AA: Part of my job is to help people figure that out. I ask tough questions but they help people consider options. For example, if you lost any particular function would life no longer feel like it was worth living? What are those functions? For some people, it’s sight. For some people, it’s being able to care for their own bodily functions. At what point does loss of function make life not worth living anymore? How you want to be cared for and what treatments to you want to be given at the end of your life? When you are physically in pain, how do you prefer to relieve the pain? Do you use medication do you prefer holistic methods? What kind of ambiance do you like at home? Do you prefer the quiet? Do you like noise? Do you want the tv always on? Do you like music? What kind of music? All of these things will inform how to treat you when you’re dying.

HS: All these little preferences add up.

AA: All the little things that you learn about yourself as a unique human play into how you die — how you die well and how you die in a way that honors your life.

HS: That makes a lot of sense. I’ve got to get on my paperwork. What do you think are the main barriers that prevent people from doing their healthcare directives or any of the other living will or anything else?

AA: Either they don’t think they’re going to die, they think they have a lot of time before they die, or they don’t want to think about it at all.

HS: It’s also weird figuring out where and how to document your end-of-life decisions. I know about The Conversation Project and I think that walks you through some of this stuff but I’m not 100% sure. Is this site the official thing? It’s just a whole other world that I haven’t walked through yet.

AA: This is the role of an end of life planner. It can be super overwhelming for people. They hear these things and think, “What is this?
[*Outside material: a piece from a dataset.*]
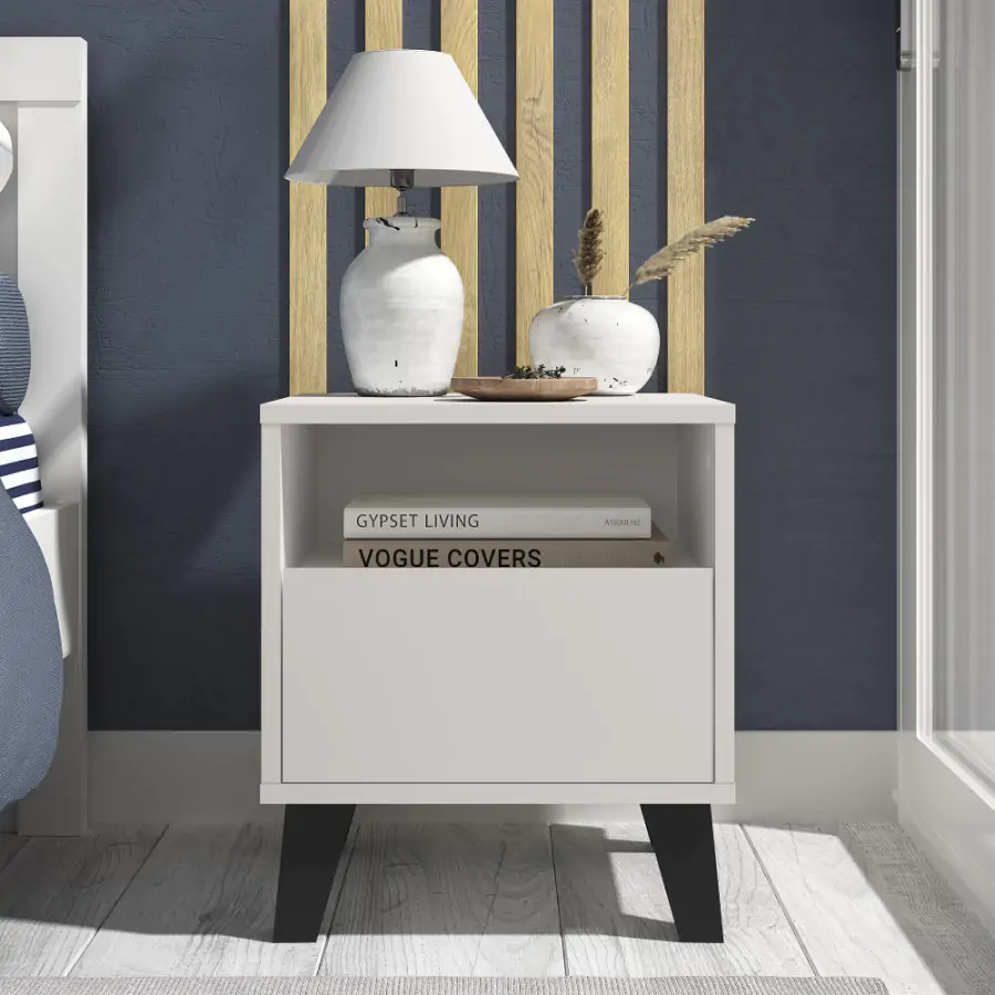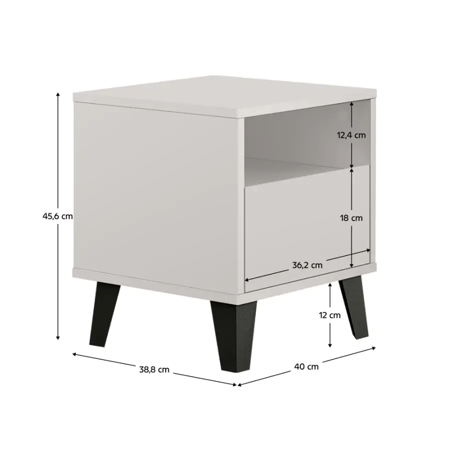 Noční stolek BOGAN NEW 1S nabízí úložný prostor v podobě jednoho šuplíku a otevřeného úložného prostoru. Na stylovém vzhledu se podepisují černé nožičky. Materiál: laminovaná DTD Barva: kašmír Rozměry (ŠxHxV): 40x38,8x45,6 cm Výška spodního prostoru od podlahy: 12 cm Rozměr šuplíku (ŠxV): 36,2x18 cm Výška otevřeného prostoru: 12,4 cm Nosnost šuplíku a police: 5 kg Nosnost vrchní desky: 15 kg Dodáváno v demontu.

What does it mean? What do you mean by this?” People fill out those forms without understanding what they’re choosing and not choosing, which ends up becoming even more of an issue at the end of life. I think it’s really important to talk to somebody, ask questions, and have somebody else ask you questions so that you can get clear on what actually want and need.
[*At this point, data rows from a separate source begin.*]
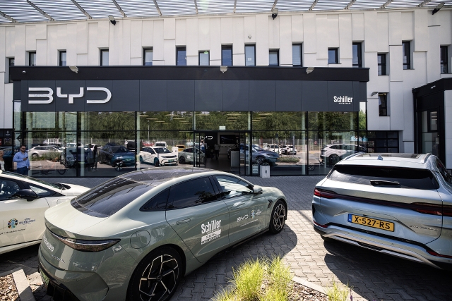 The exterior of a BYD Co. electric vehicle showroom, operated by Schiller Auto, in Budapest (Photo: CFP)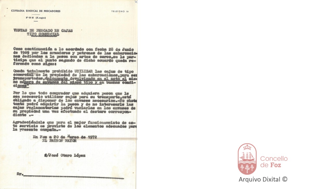 Documento sobre a venda de peixe en caixas tipo comercial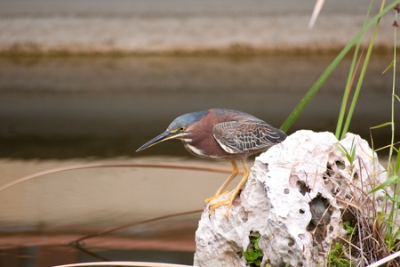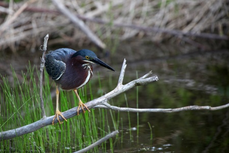Green-backed Heron perched on a branck on a lake in Virginia Beach, Va.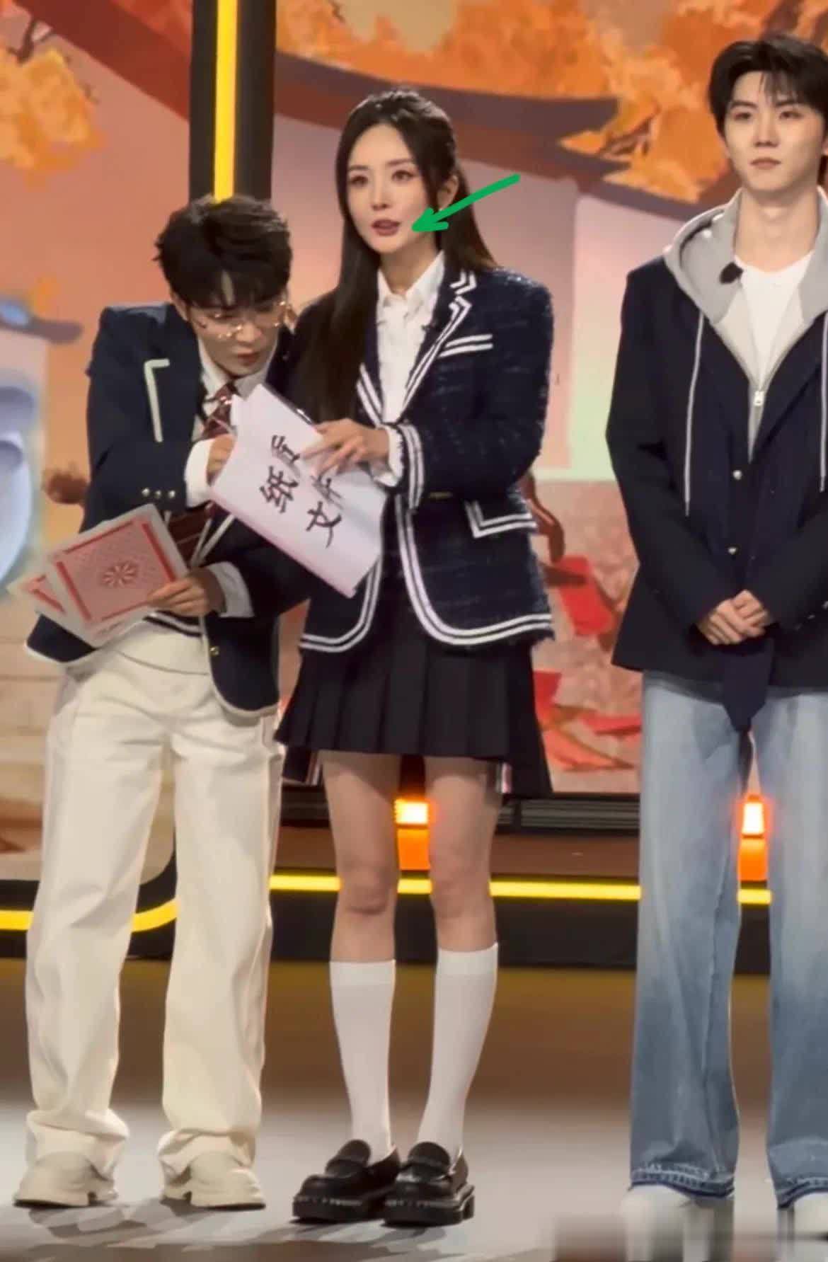 当看到有镜头怼脸拍摄时,杨幂很有经验地挡住了脸,但镜头仍捕捉到了她脸上的纹路,她都不太敢做表情,连笑都有些拘谨。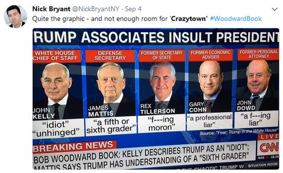 “Fear: Trump in the White House,” the upcoming book about US President Donald Trump by Bob Woodward, one of reporters who broke the Watergate story, has made headlines for pulling back the curtain on a White House that appears to be having a straight-up meltdown.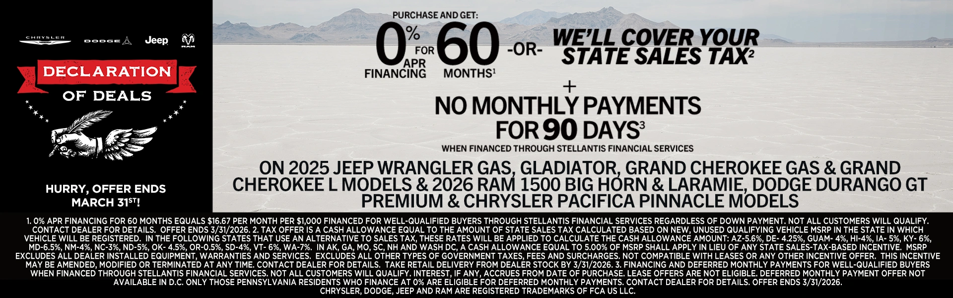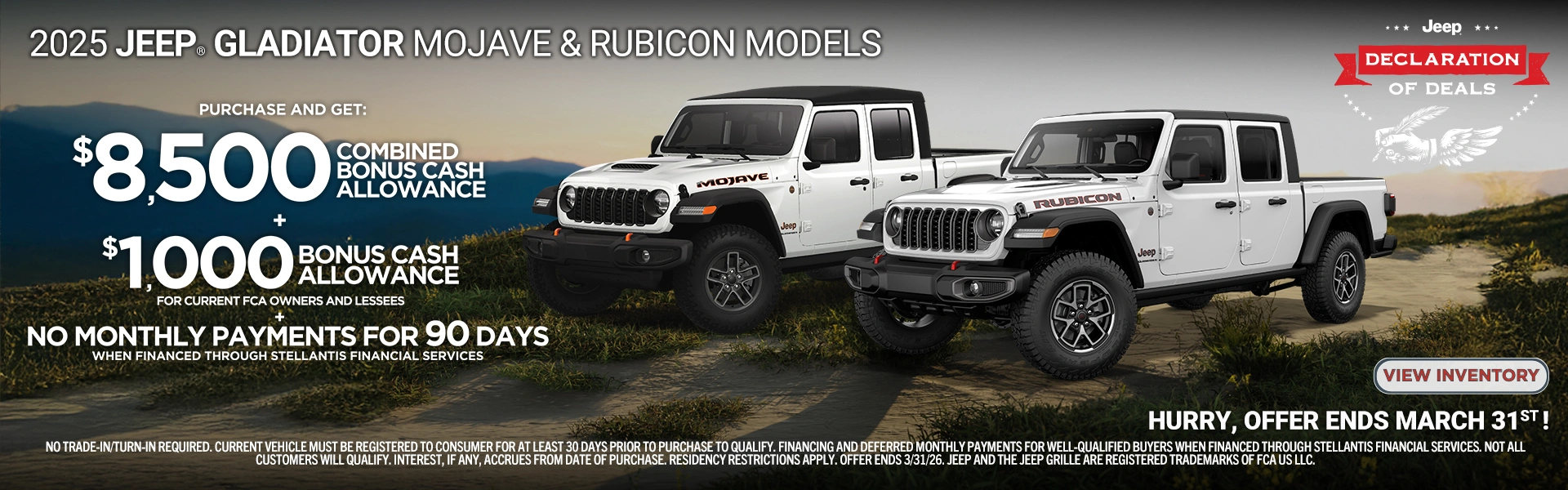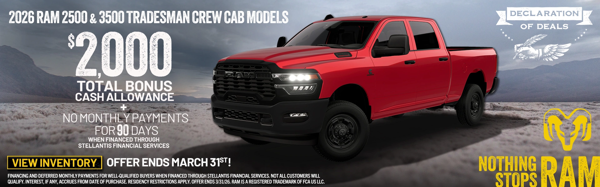 We proudly offer a wide variety of competitively priced new vehicles such as capable pickup trucks like the RAM 1500 and RAM 2500, the thrilling Dodge Challenger muscle car, the incredible Jeep Grand Cherokee SUV, and the powerful and luxurious Jeep Wagoneer. We also offer commercial vehicles as well.

When I sit with people I start to pick up on things they say they care about. Themes emerge and those themes are the things that make up their values. They probably can’t see them on their own or haven’t identified them objectively before. I help people get clear on their values and then we put what they want in a document that becomes legally binding when signed and witnessed by two people — at least in the state of California. In other states, you might need a witness or to get it notarized. It varies depending on the state.

I’ve written advanced healthcare directives that have the healthcare stuff in it but also the death-care stuff in it. In the healthcare portion, you decide on life support and write down how you want to be treated. The death-care portion is where you write down what to do with your possessions, if you have will and where it is, and who your lawyer is. If you don’t have a will, this is the place you write down which things you care about. What should we do with the rest of your stuff? Should we sell it? Should we give it away? Should we give it to dress for success? Should we give it to the archdiocese? What are all your of accounts? What are your passwords? Do you want a legacy setting on your facebook page? should we delete your Instagram account? You probably want to keep yours up — would you want to keep your Instagram account open?

HS: I would want to keep my Instagram account open, my Facebook account can… I don’t care about Facebook.

AA: Okay so delete it or don’t delete it?

HS: Make sure to get all of my photos off of it and then delete it. It’s such a funny thing, I really could care less. As long as someone has the photos I say delete it. Unless someone has some funny project to do with my Facebook account and then they can go for it.*

AA: That’s great to know. There’s also an “in memoriam” setting where you can create a memory page. That way it’s not sending out birthday reminders but people can still post to your wall. Nobody can post on your behalf, but people can gather digitally on facebook to look at photos of you or talk about your life, but it’s not an active page. I ask because the little decisions that we don’t make add up. My brother-in-law is up on facebook in perpetuity and I get reminders of his birthday every year. What are we supposed to do with his profile? My sister is not sure. She feels uncomfortable closing it. His mom says to leave it open. It’s just one example of the very many things about which we say, “Oh it doesn’t matter I’ll be gone anyways.” Well somebody’s going to have to deal with it at some point. There’s three million dead people on facebook, or something crazy.**

HS: Whoa! Facebook zombies, our next Netflix original. It’s crazy, though. I think about death a lot but I don’t think I’ve ever thought about my own social media after I’ve died. I’ve thought about other peoples’. I’ve read articles on funny, different things people have done with their accounts after they have died. We’re nearing the end of our interview, do you have time for one last question?

HS: What do you want your funeral to be like?

AA: Oh girl! It’s going to be a lot of bright colors. I prefer mid to late afternoon outside if possible — weather permitting and it’s a nice enough day. I want it to be outside in nature, trees rather than desert.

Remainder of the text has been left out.